Il Tempio Malatestiano di Rimini

La Cattedrale di santa Colomba, Templum Mirabile della Signoria di Sigismondo Pandolfo Malatesta

L'antica chiesa di san Francesco è stata adibita a Cattedrale della città di Rimini, assumendo il nome di santa Colomba, dopo che l’antico edificio che assolveva a questo compito venne distrutto nel 1809.

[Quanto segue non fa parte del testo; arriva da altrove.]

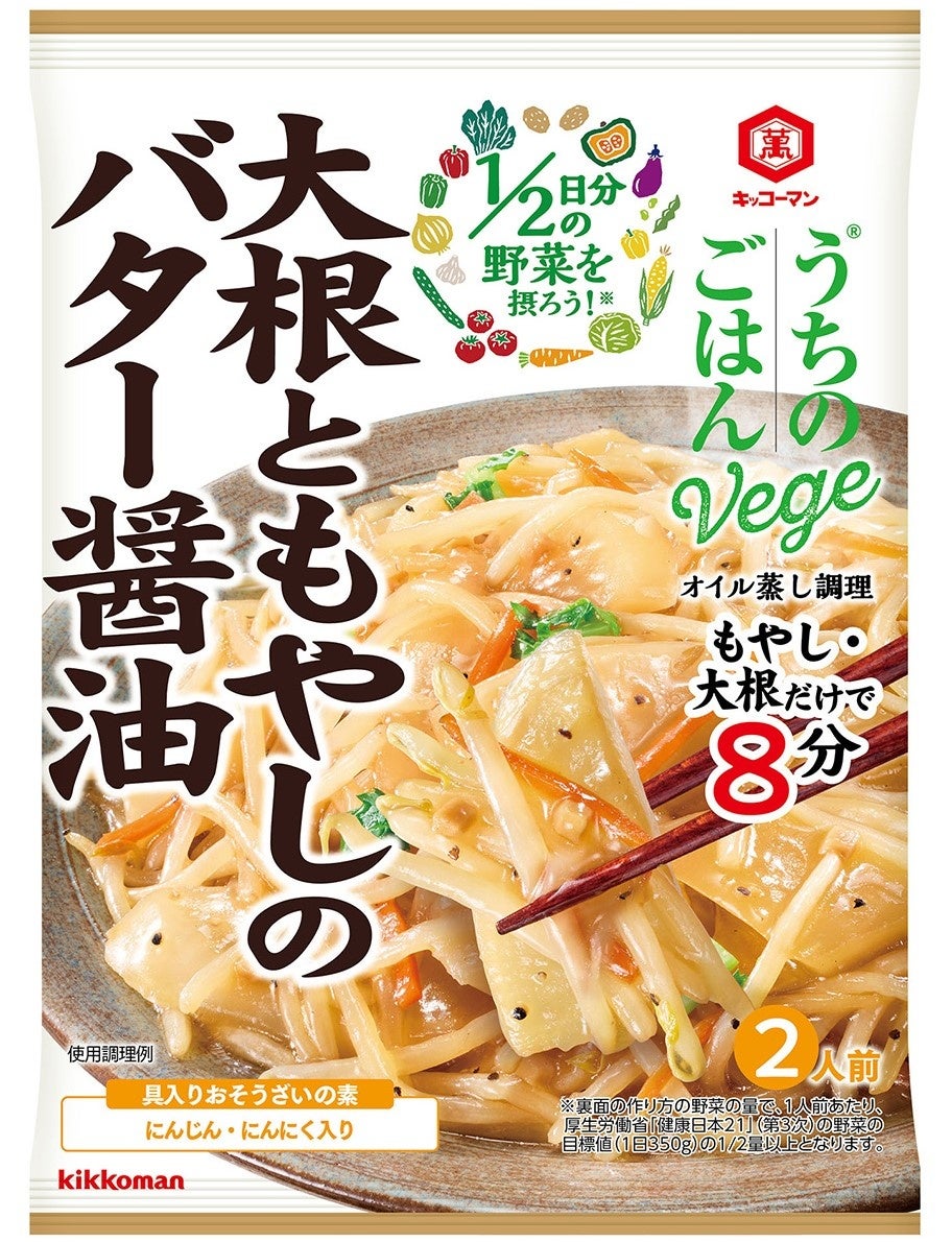 キッコーマン食品株式会社は、8月4日に、1/2日分の野菜(*)を手軽にとることができる「キッコーマン うちのごはんVege おそうざいの素」シリーズの、「白菜とねぎのみぞれ炒め」と「大根ともやしのバター醤油」を全国で新発売します。

Edificata nel IX secolo, rimaneggiata in forme gotiche nel XIII e nel XIV secolo, la chiesa divenne l’edificio simbolo del potere temporale del signore di Rimini Sigismondo Pandolfo Malatesta (1417-1468): uomo colto e gran mecenate, Sigismondo affidò a Leon Battista Alberti (1404-1472) la sua ri-progettazione. «Trucca un vecchio scheletro gotico […] e costruisce un episodio che va per sé», disse Bruno Zevi; l’Alberti prende elementi della classicità romana  importanti per lui furono gli studi che fece nella capitale papale sugli edifici antichi  e configura un involucro che può essere considerato il primo edificio religioso pienamente rinascimentale, sotto la cui pelle con-vive la costruzione gotica, ben visibile lungo i fianchi esterni e all’interno con i suoi archi ogivali. In facciata è presente la data simbolo del 1450 ma sappiamo che i lavori si protrassero anche dopo quell’anno: Sigismondo voleva che l’edificio fosse un luogo dedicato alle memorie dei Malatesta, passati, presenti e futuri, una tomba monumentale pensata per sé e per i discendenti. Nel 1449 lavoravano alla mirabile macchina il riminese Agostino di Duccio, scultore, Matteo de’ Pasti, architetto, scultore e medaglista e dal 1451 anche Piero della Francesca, pittore. 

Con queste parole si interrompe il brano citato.